Die Weichen auf Wachstum gestellt

Die BBR Verkehrstechnik GmbH entwickelt mit über 200 hochqualifizierten Mitarbeitern innovative elektronische Systeme und Komponenten für die Bahntechnik. Das Produktportfolio deckt den Bereich von der Einzelweichensteuerung über Fahrsignalanlagen bis hin zur komplexen Zugsicherung mit elektronischen Stellwerken und zugehöriger Leittechnik ab. Die Abwicklung kleiner Losgrößen bei gleichzeitig hoher Fertigungstiefe sowie die Individualisierung der Produkte auf die speziellen Anforderungen einzelner Kunden gelingt BBR durch den Einsatz von proALPHA besonders effizient.

proALPHA APS im EinsatzDas Tätigkeitsspektrum von BBR reicht von der Ausrüstung des hochmodernen Jade-Weser-Containerhafens in Wilhelmshaven bis zur Zugspitzbahn mit modernster Signal- und Sicherheitstechnik. Die elektronischen Komponenten stellen sicher, dass Weichen automatisch  richtig gestellt werden, Streckenüberwachungen nahtlos funktionieren, Unfälle zuverlässig vermieden und Fahrgäste am Bahnsteig komfortabel informiert werden. Dabei muss die Signaltechnik höchsten Sicherheitsanforderungen gerecht werden.

Häufig handelt es sich um sehr spezielle Anwendungen und Nischen, die das 1990 gegründete Unternehmen für einen internationalen Kundenkreis bedient. Daraus resultiert die Herausforderung, kleine Losgrößen bei sehr hoher Fertigungstiefe in Form von Projektgeschäften effizient zu realisieren.

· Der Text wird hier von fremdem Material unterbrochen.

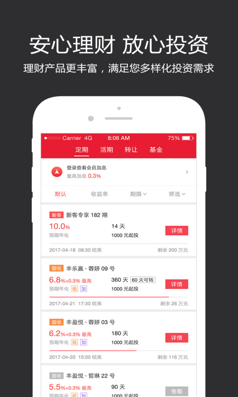 【理财】活期、固收、浮动、基金等理财产品,给您提供丰富的理财选择。

Seit seiner Gründung vor rund 25 Jahren ist das Unternehmen regelmäßig gewachsen. Entwicklung, Produktion und Testanlagen wurden dementsprechend immer wieder erweitert.

Komplexe Voraussetzungen

Komplexe Produkte in kleinen Losgrößen und individuelle Kundenanforderungen in Kombination mit einem stetigen Unternehmenswachstum machen eine durchgängige ERP-gestützte Prozessdenke unabdingbar und verlangen ein zuverlässiges Steuerungssystem. proALPHA unterstützt BBR dabei, alle Unternehmensprozesse im Hinblick auf Kosten und Termine abzubilden, zu steuern und zu überwachen.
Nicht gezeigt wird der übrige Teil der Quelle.